The downlinked satellite signal, quite weak after traveling the great distance (see inverse-square law), is collected by a parabolic receiving dish, which reflects the weak signal to the dish's focal point. Mounted on brackets at the dish's focal point is a device called a feedhorn. This feedhorn is essentially the flared front-end of a section of waveguide that gathers the signals at or near the focal point and 'conducts' them to a probe or pickup connected to a low-noise block downconverter or LNB. The LNB amplifies the relatively weak signals, filters the block of frequencies in which the satellite TV signals are transmitted, and converts the block of frequencies to a lower frequency range in the L-band range. The evolution of LNBs was one of necessity and invention.
The original C-Band satellite TV systems used a Low Noise Amplifier connected to the feedhorn at the focal point of the dish. The amplified signal was then fed via very expensive 50 Ohm impedance coaxial cable to an indoor receiver or in other designs fed to a downconverter (a mixer and a voltage tuned oscillator with some filter circuitry) for downconversion to an intermediate frequency.
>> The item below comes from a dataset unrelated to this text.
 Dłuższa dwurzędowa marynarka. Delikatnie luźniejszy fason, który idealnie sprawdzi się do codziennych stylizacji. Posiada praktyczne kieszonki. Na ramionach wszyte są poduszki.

The channel selection was controlled, typically by a voltage tuned oscillator with the tuning voltage being fed via a separate cable to the headend. But this simple design evolved.
Designs for microstrip based converters for Amateur Radio frequencies were adapted for the 4 GHz C-Band. Central to these designs was concept of block downconversion of a range of frequencies to a lower, and technologically more easily handled block of frequencies (intermediate frequency).
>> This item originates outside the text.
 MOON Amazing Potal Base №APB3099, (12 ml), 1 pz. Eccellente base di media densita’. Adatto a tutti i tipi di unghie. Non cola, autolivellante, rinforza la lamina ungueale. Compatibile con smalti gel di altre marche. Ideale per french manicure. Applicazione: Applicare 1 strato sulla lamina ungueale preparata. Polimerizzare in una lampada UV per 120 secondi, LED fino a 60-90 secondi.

The advantages of using an LNB are that cheaper cable could be used to connect the indoor receiver with the satellite TV dish and LNB, and that the technology for handling the signal at L-Band and UHF was far cheaper than that for handling the signal at C-Band frequencies. The shift to cheaper technology from the 50 Ohm impedance cable and N-Connectors of the early C-Band systems to the cheaper 75 Ohm technology and F-Connectors allowed the early satellite TV receivers to use, what were in reality, modified UHF TV tuners which selected the satellite television channel for down conversion to another lower intermediate frequency centered on 70 MHz where it was demodulated. This shift allowed the satellite television DTH industry to change from being a largely hobbyist one where receivers were built in low numbers and complete systems were expensive (costing thousands of Dollars) to a far more commercial one of mass production.
Direct broadcast satellite dishes are fitted with an LNBF, which integrates the feedhorn with the LNB.
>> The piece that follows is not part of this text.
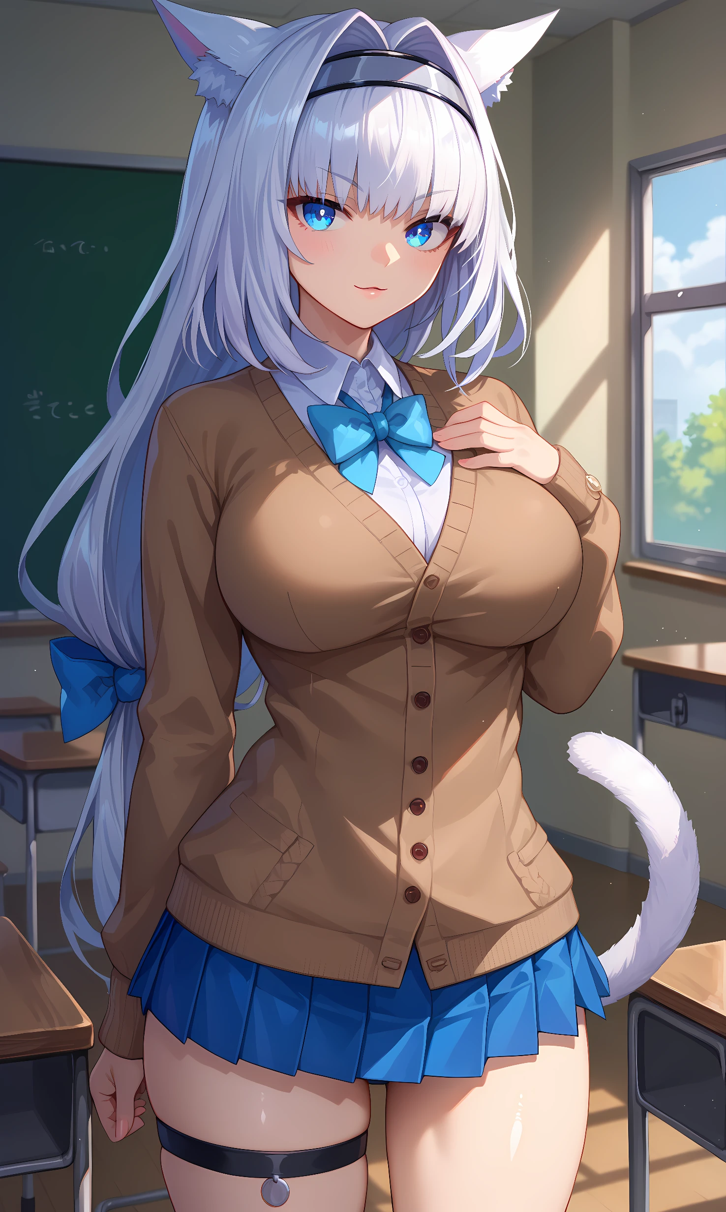 dobrynya_nikitich, blue eyes, white hair, low tied long hair, metal hairband, cat ears, cat tail, blue bow, hair bow

The satellite receiver demodulates and converts the signals to the desired form (outputs for television, audio, data, etc.). Sometimes, the receiver includes the capability to unscramble or decrypt; the receiver is then called an Integrated receiver/decoder or IRD. The cable connecting the receiver to the LNBF or LNB must be of the low loss type RG-6, quad shield RG-6 or RG-11, etc. It cannot be standard RG-59.
(A new form of omnidirectional satellite antenna, which does not use a directed parabolic dish and can be used on a mobile platform such as a vehicle, was recently announced by the University of Waterloo.